Утратив внешнее влияние, индивидуум перестает быть субъектом свободы и, как считает А. Дугин, становится дивидуумом. Это и есть стартовая точка постмодерна, т.е. эпоха разочарованного модернизма. Нет цели и перспективы. Философы полагают, что с этого начинается Закат Европы или унтерганг, как пророчествовал еще 100 лет назад Шпенглер. В постмодерне Человек ощущает собственную ничтожность перед техническим прогрессом. Виртуальный мир начинает заменять реальность. Только в социальных сетях дивидуум полностью реализует себя, рассыпавшись на множество ников. Начинает царствовать нигилизм. Все понятия меняются и переосмысливаются. Человек становится парламентом органов, где все его элементы действую самостоятельно. Мозг перестает быть центром я, отсюда человеку позволительно творить все, что угодно, подчинять себя любым инстинктам, пользоваться психотропными средствами для достижения искусственной гармонии. [ 15, с.17]
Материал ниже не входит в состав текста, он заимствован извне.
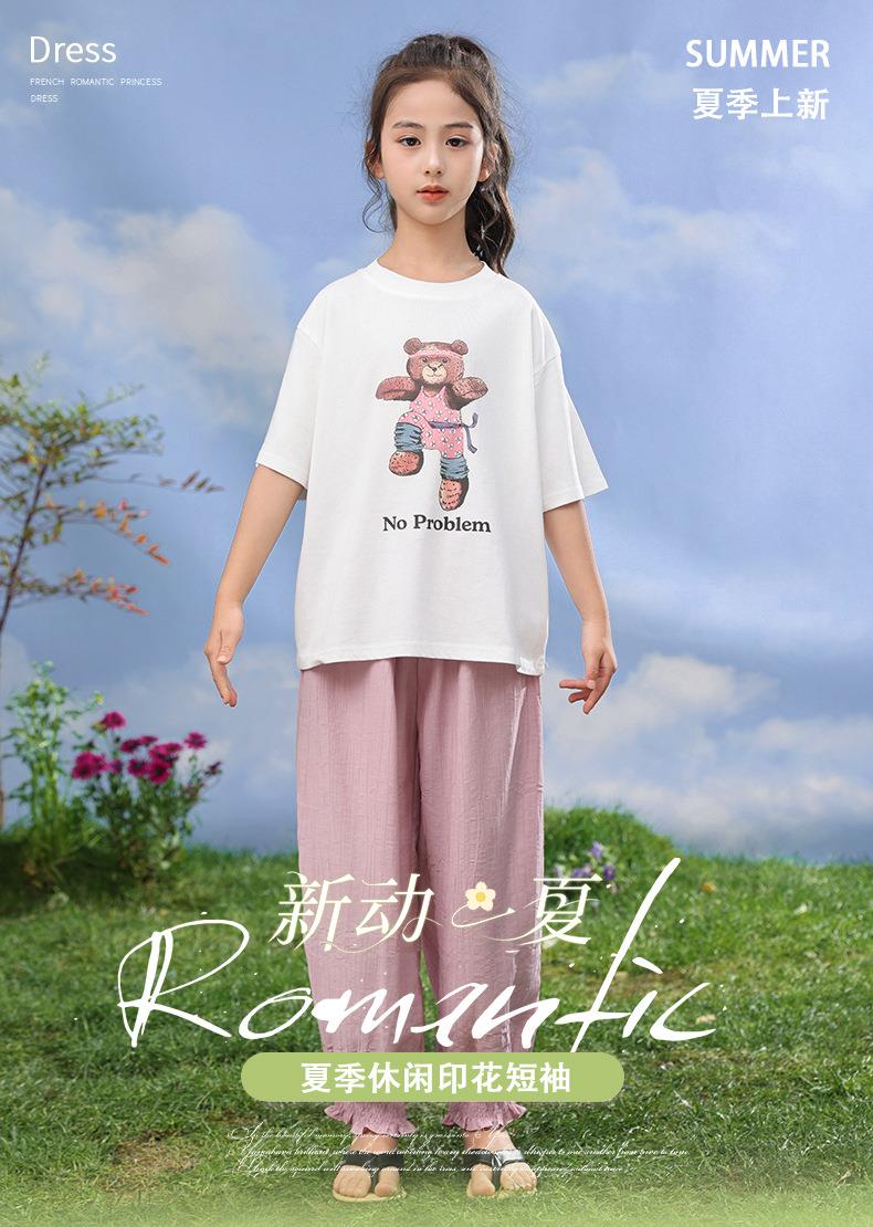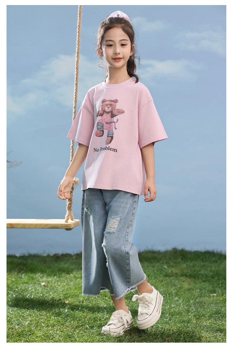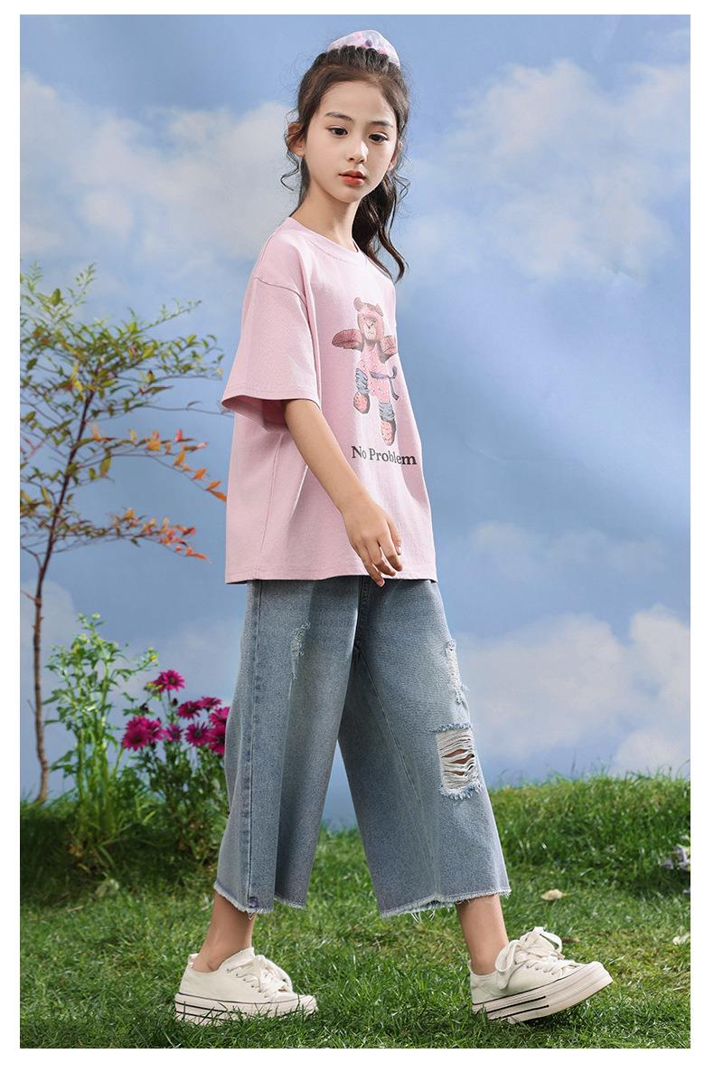 女童夏装2024新款短袖t恤纯棉夏款大童牛仔裤两件套儿童夏季套装

Новое время потребовало иных поэтических текстов. Лингвисты и философы Ихаб Хасан, Ричард Харланд,[ 44, с 3-200] Алексей Калиникос, Аластар Фаулера выдвинули четыре основные принципа постмодернистской поэзии: 1. иконоборчество: деканонизация культурных стандартов, которая выражается в сбрасывании с пьедестала былых авторитетов, опора на иронию, пародию, стирание этнических, гендерных и культурных особенностей, стриптиз контекст, упрощение содержания до строгого минимума;
2. Необоснованность: использование плоских образов вплоть до примитивизации, оккупация медийного пространства и реализация автора через "магический реализм", где нет определенного смысла, и жизнь воспринимается как выдумка, как комплекс ощущений вплоть до солипсизма;
3. Бесформенность: в противовес модерну с его гармонией и органической формой постмодернизм сужает эстетическое расстояние. Искусство для действия, а не для восхищения. Фрагменты текстов превращаются в коллажи или монтажи. Во избежание формирования власти метафор и прочих литературных тропов, смешиваются жанры, происходит стилизация, продвигаются пародии и клише. Все это направляется на социальную адаптацию, глобализацию, расширение межкультурного пространства, толерантность и мультикультурализм;
4. Популизм: используется материал широкого социального спектра, происходит отчуждение от элитарного, литературного языка, отвергаются серьезные и ответственные темы, пропагандируются произвольные и игровые методы, во главу угла ставятся медийные изображения в качестве наиболее доступной современной реальности, что превращает эти строительные блоки в искусство.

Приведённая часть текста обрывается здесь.